We are planning on replacing our current NoSQL servers with Couchbase. Our evaluation and testing of the Coucbase server (3.0) showed a massive improvement over our current choice and we’re looking forward to switching over completely to Couchbase. However, we ran into some unexpected trouble in our staging servers.
We are using the Java Client 2.0.0 in our Scala Play application. We have a global Cluster and Bucket object, and we use those to get and upsert. Sometimes (not always), with the couchbase server still doing minimal ops/sec (~30), the Java client starts throwing timeout exceptions during which the service is unusable. This goes away after sometime, and seems to be related to load. Here’s what we see in our logs:
Started at Sat Nov 08 06:55:08 UTC 2014","ex":"java.lang.RuntimeException: java.util.concurrent.TimeoutException
at rx.observables.BlockingObservable.blockForSingle(BlockingObservable.java:481) ~[io.reactivex.rxjava-1.0.0-rc.3.jar:1.0.0-rc.3]

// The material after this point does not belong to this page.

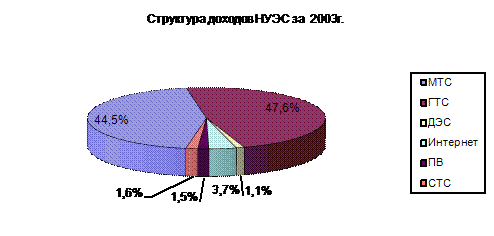 Новокузнецкий узел электросвязи – оператор, предоставляющий телекоммуникационные услуги на территории города Новокузнецка, Новокузнецкого района и юга Кузбасса. 40 операторов в городе имеют лицензии на предоставления телекоммуникационных услуг, это значит, что конкурентов у предприятия предостаточно. Особенно активно за последние 3-4 года создают современные сетевые структуры, позволяющие предоставлять широкий спектр услуг электросвязи, такие операторы как ОАО «Кузбассэнергосвязь», ЗАО «Кузбасская сотовая связь» – «Сотел», ЗАО «Кемеровская мобильная связь» – «Билайн», ОАО «Кузбассвязьуголь», ЗАО «Кузнецкая коммерческая телефонная сеть», ЗАО «Связь - сервис». Основные конкуренты осваивают наиболее прибыльный бизнес и не связаны с дотацией и содержанием нерентабельных сетевых структур, таких как доставка телеграмм, сельская телефонная связь, проводное звуковое вещание, мобилизационные задания. Тарифы на основные услуги, регулируемых МАП РФ, для ОАО «Электросвязь» устанавливают гораздо ниже их себестоимости, конкуренты тарифы устанавливают самостоятельно. Конкуренты не имеют проблем льготной категории граждан, проблем неплатежей за предоставленные услуги бюджетной сфере и силовым структурам. На сегментах традиционных услуг связи НУЭС – это бесспорный лидер. По данным за прошлый год предприятие обслуживало: 90,2% рынка местной телефонной связи, 98,9% - сельской, 95,6% - междугородной и 98,5% - международной связи, 53% - Интернет услуги, 100% - телеграфной связи. Предприятие позиционируется как многопрофильная компания, услуги которой, рассчитаны на любого клиента. На рисунке 9 представлена структура доходов НУЭС за 2003 год.

at rx.observables.BlockingObservable.singleOrDefault(BlockingObservable.java:382) ~[io.reactivex.rxjava-1.0.0-rc.3.jar:1.0.0-rc.3]
at com.couchbase.client.java.CouchbaseBucket.get(CouchbaseBucket.java:76) ~[com.couchbase.client.java-client-2.0.0.jar:2.0.0-beta-14-gbe5dc12-dirty]
at com.couchbase.client.java.CouchbaseBucket.get(CouchbaseBucket.java:71) ~[com.couchbase.client.java-client-2.0.0.jar:2.0.0-beta-14-gbe5dc12-dirty]
...
I’ve not seen this in the development environment. We just started testing 2.0.1 client in dev, but we had not seen the timeout exceptions with 2.0.0, so I’m not sure updgrading our staging machines to 2.0.1 would fix this issue. I’m currently working on upgrading staging servers with the new client, so I will know if that works.
So, the documentation suggests we use a global Cluster object to share connections. What about Bucket? Is opening/closing a bucket around a request a bad idea? Are there any other settings that we should be looking at tuning (timeouts, etc.)?
Any other ideas/pointers to either reproduce this consistently (that would be a start!) or a way to resolve this would be highly appreciated.
Thanks